Friday, November 25, 2022

Kuang's Dilemma

 

So, I was queried in the comments (Hi Paul W) to the effect that using a header like 'Something Kuang got right' implies there are other things she got wrong. It seems like my response to that is better treated in a post of its own (hence this) than in a comment.  --John R.

  

re. 'Something Kuang Got Right'


It wd be more fair to say I disagree with her than that she got it wrong.

 

A key fulcrum in the book is the hero's dilemma: if you find yourself part of a repressive regime, one that you've come to feel is a force for evil in the world --such as the British Empire during the Opium War of the 1830s, is it 

 

(1) better to stay in the organization and work to change it from within

 

or

 

(2) rebel against the group, acknowledging "the necessity of violence".

 

In Kuang's book the hero vacillates between these two poles for the first half of the book before committing himself absolutely to one of these options  throughout the second half.

 

A secondary point I wd have expected her to make more of was the issue of collateral damage, but it's a relatively minor concern.

 

 

As a pacifist, I'm not sympathetic to "the necessity of evil".  I think violence shd not be our starting point but our last resort.
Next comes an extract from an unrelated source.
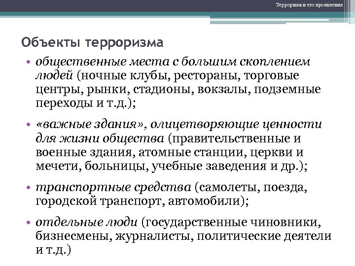 Терроризм и его проявления Объекты терроризма • общественные места с большим скоплением людей (ночные клубы, рестораны, торговые центры, рынки, стадионы, вокзалы, подземные переходы и т. д. ); • «важные здания» , олицетворяющие ценности для жизни общества (правительственные и военные здания, атомные станции, церкви и мечети, больницы, учебные заведения и др. ); • транспортные средства (самолеты, поезда, городской транспорт, автомобили); • отдельные люди (государственные чиновники, бизнесмены, журналисты, политические деятели и т. д. )
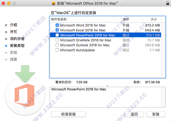 5、接著設(shè)置安裝類型,你可以點(diǎn)擊“自定”按鈕選項(xiàng),然后勾選你需要安裝的那一個程序,在這里小偉就只需要Word和Excel了,朋友們根據(jù)自己的實(shí)際需求進(jìn)行選擇就好,選擇完成之后,我們點(diǎn)擊“安裝”按鈕,即可

Hence I struggled with this book.

 

--John R. 

--current reading: THE ROOK

1 comment:

Paul W said...

Thanks for your response!

I'm not a pacifist by any means, having served as a Marine and still working for the Corps as a military historian.* But I do think violence should always be the last resort. So, when faced with oppression, the question is not to respond violently or non-violently, IMO, but rather, what is the most effective response _in that specific situation_. Non-violent resistance worked against government oppression for India's struggle for Independence, and in the Civil Rights struggle in the United States. But the White Rose failed, albeit bravely and nobly, in its own struggle against the Nazis in Germany.

This is a historical simplification of course - both the Indian an US struggles had violent aspects as well - but broadly speaking, the two most important leaders, Martin Luther King and Ghandi, recognized that the democracies that were oppressing their people could be convinced to change, and that this was the most effective long term resistance to the oppression. Not that US racism or British colonialism were universally or completely defeated in either case, but great long term strides forward occurred.
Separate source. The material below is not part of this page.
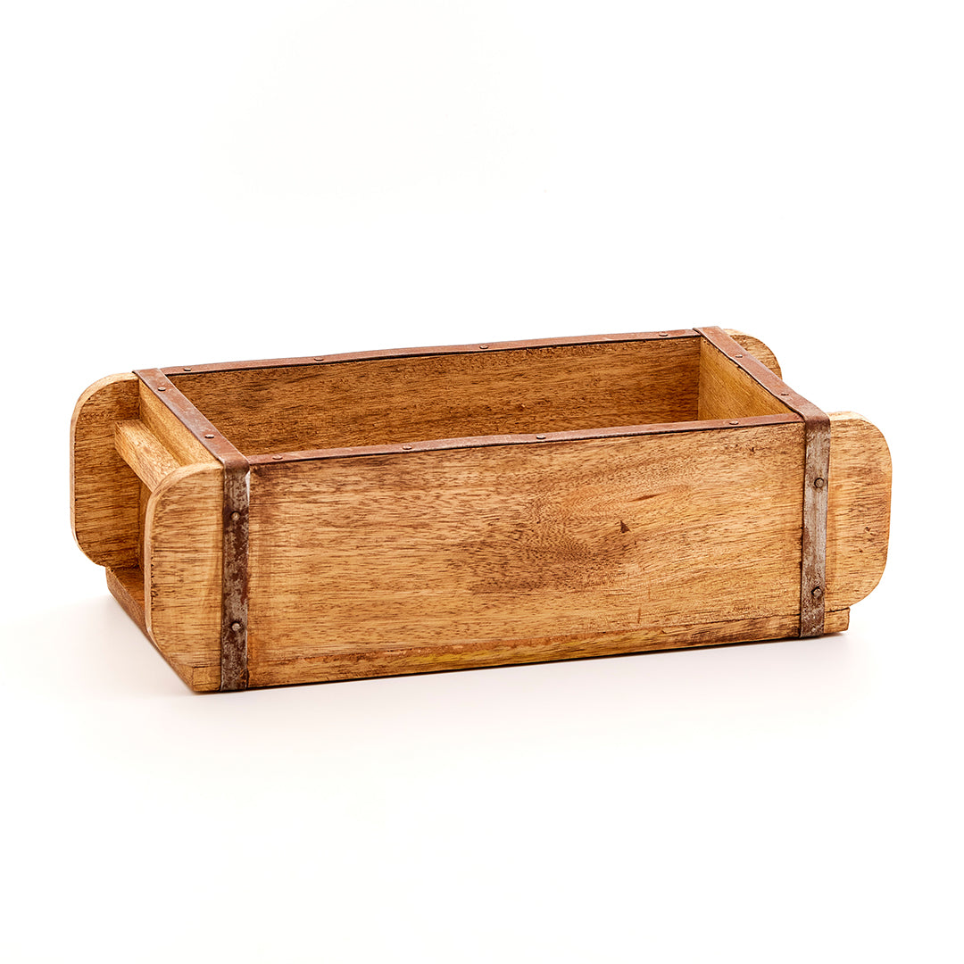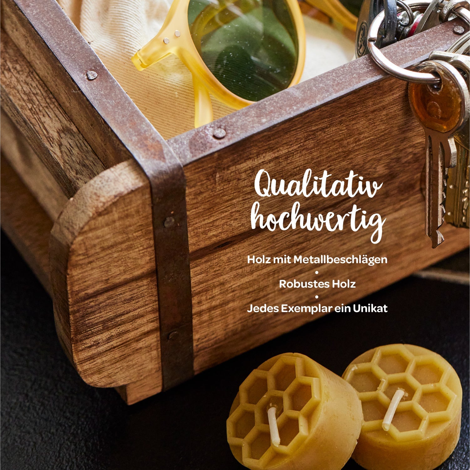 Details: Länge 32 cm, Breite 14 cm, Höhe 9,5 cm | Material: Holz mit Metallbeschlägen

This doesn't make the British Empire or the United States of the post-World War II period pure, good, or honest. It merely means they were persuadable.

I don't know what would have been the best way to resist British colonialism in the Opium Wars. Britain was a democracy yes, and fighting a war to sell Opium was NOT popular with the British public, so the wars were "sold" as wars against Chinese "barbarism" against Christian missionaries and Western merchants, as well as their own people. And the whole is complicated by Imperial Chinese politics and the ongoing, brutal but inherently Chinese (not foreign) Taiping Rebellion. The British Empire took advantage of a weak, dividied China, but how to convince them not to is difficult to imagine other then a stronger, more united China, which would have come from either a stronger despotic Emperor or a completely successful rebellion by rather intolerant religious fanatics. The Taiping Rebellion was the bloodiest conflict in human history prior to the World Wars... its hard to imagine any situation in which the common people of China do not suffer.

In other words, concerning the Opium Wars, where to target resistance, whether violent or pacific, in order to create change is ext

I haven't read Kuang yet, as I mentioned, you made it sound intriguing. Does he acknowledge the role of the Taiping Rebellion in all of this?

*(however, pacifists can and do make very good military historians, being a military historian does not make one a war monger by any means.)